-- Opening Marker --

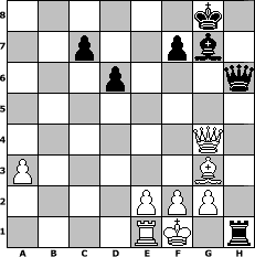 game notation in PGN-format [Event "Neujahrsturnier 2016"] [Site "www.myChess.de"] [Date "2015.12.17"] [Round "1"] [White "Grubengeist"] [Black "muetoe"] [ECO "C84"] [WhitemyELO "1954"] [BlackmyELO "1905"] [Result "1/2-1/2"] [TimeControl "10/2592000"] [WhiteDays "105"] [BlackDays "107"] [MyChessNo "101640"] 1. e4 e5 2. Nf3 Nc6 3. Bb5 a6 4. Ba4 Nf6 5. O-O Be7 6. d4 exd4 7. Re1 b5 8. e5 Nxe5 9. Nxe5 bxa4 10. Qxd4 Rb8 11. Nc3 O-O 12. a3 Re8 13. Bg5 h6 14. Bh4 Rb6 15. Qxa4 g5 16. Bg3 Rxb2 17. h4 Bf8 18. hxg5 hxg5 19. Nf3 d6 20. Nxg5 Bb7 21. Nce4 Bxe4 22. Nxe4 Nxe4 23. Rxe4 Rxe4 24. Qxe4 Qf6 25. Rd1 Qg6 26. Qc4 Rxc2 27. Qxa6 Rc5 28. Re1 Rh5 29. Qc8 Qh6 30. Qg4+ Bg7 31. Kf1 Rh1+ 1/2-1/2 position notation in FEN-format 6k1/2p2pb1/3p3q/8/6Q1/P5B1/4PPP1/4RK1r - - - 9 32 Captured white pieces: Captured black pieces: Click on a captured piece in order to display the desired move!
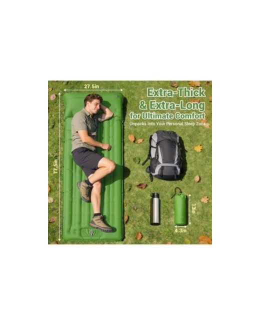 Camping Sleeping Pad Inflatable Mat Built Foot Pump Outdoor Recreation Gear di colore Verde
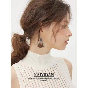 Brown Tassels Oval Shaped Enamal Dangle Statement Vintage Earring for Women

-- Closing Marker --
-- Opening Marker --

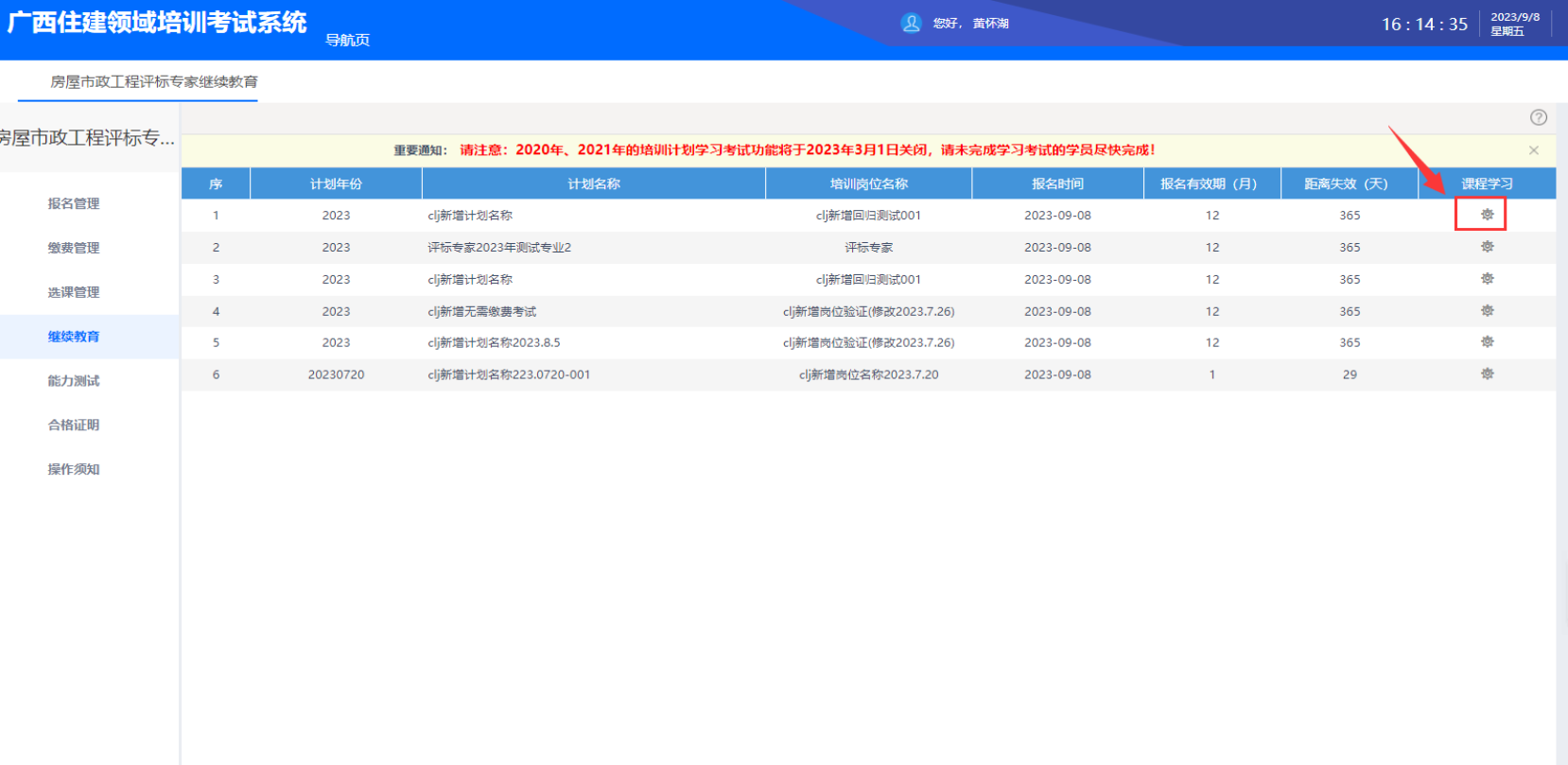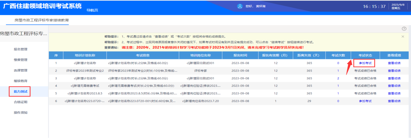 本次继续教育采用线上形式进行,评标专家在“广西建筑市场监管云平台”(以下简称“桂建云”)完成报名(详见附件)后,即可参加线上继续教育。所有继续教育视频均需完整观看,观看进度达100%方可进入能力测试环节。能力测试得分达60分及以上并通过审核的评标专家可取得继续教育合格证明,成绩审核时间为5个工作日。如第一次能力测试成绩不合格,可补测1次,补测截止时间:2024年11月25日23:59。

-- Closing Marker --
-- Opening Marker --

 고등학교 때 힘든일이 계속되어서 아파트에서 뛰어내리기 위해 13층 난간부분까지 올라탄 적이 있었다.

-- Closing Marker --

### EXERCISE DESCRIPTION
Only the lines above from the one with "Camping Sleeping Pad" to the one with "Brown Tassels Oval" should be printed, both included and exactly as written; no picture belongs in the copy.

### ANSWER
 Camping Sleeping Pad Inflatable Mat Built Foot Pump Outdoor Recreation Gear di colore Verde
 Brown Tassels Oval Shaped Enamal Dangle Statement Vintage Earring for Women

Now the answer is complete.